High stability and selectivity of butterfly pea flower extract-NiAl LDH-based catalysts in the tetracycline degradation

• Published in: Environmental science and pollution research international Vol. 31; no. 22; pp. 33107 - 33119
• Main Authors: Rohmatullaili, Rohmatullaili, Ahmad, Nur, Zultriana, Zultriana, Savira, Dila, Erviana, Desti, Mohadi, Risfidian, Lesbani, Aldes
• Format: Journal Article
• Language: English
• Published: Berlin/Heidelberg Springer Berlin Heidelberg 01.05.2024; Springer Nature B.V
• Subjects: Aquatic Pollution; Atmospheric Protection/Air Quality Control/Air Pollution; Catalysis; Catalysts; Clitoria ternatea; Degradation; Diffraction patterns; Earth and Environmental Science; Ecotoxicology; Energy gap; Environment; Environmental Chemistry; Environmental Health; Flowers; Flowers - chemistry; Fourier transforms; Functional groups; Green chemistry; Hydroxides; Hydroxides - chemistry; Intermetallic compounds; Metal oxides; Morphology; Nickel aluminides; Nickel base alloys; Nickel compounds; Peas; Plant Extracts - chemistry; Research Article; Spectroscopy, Fourier Transform Infrared; Structural stability; Tetracycline - chemistry; Waste Water Technology; Water Management; Water Pollution Control; X-Ray Diffraction; Photodegradation; Layer double hydroxide; Adsorption; Photocatalyst; Tetracycline
• ISSN: 1614-7499; 0944-1344; 1614-7499
• DOI: 10.1007/s11356-024-33445-0

Layered double hydroxide (LDH) is an applicable material that can be modified in various ways.
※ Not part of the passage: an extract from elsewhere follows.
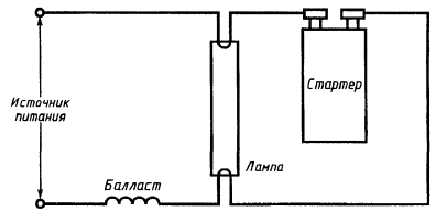 Стартеры для ламп мощностью 100 и 125 Вт испытывают по схеме, приведенной на рисунке 10. Применяют лампу мощностью 125 Вт и балласт емкостного типа той же мощности.

Modifications using natural extracts fulfill the principles of “green chemistry.” The preparation of butterfly pea flower extract (BPE)-modified NiAl LDH was completed using the calcination and restacking method. The characteristics of the prepared composites were identified through analysis of functional groups, crystal phase, bandgap energy, surface area and surface morphology. Fourier transform-infrared (FT-IR) characterization revealed that the active group of the catalyst is -OH except for NiAl layered double oxide (LDO), which has the metal oxide-like functional groups. X-ray diffraction patterns expressed a typical layered material structure of NiAl LDH dan NiAl LDH-BPE, but not for NiAl LDO and NiAl LDO-BPE. Introducing BPE into NiAl LDH and NiAl LDO effectively decreased the bandgap energy and changed the surface morphology. The prepared catalysts were applied in a batch system with pH 5 to degrade tetracycline (TC). NiAl LDO demonstrated the highest activity as a catalyst in TC degradation, with a 93.61% degradation rate. In contrast, NiAl LDO-BPE demonstrated the highest structural stability in TC degradation and repeated use, with an initial degradation percentage of 82.58% and a fifth regeneration percentage of 71.4%.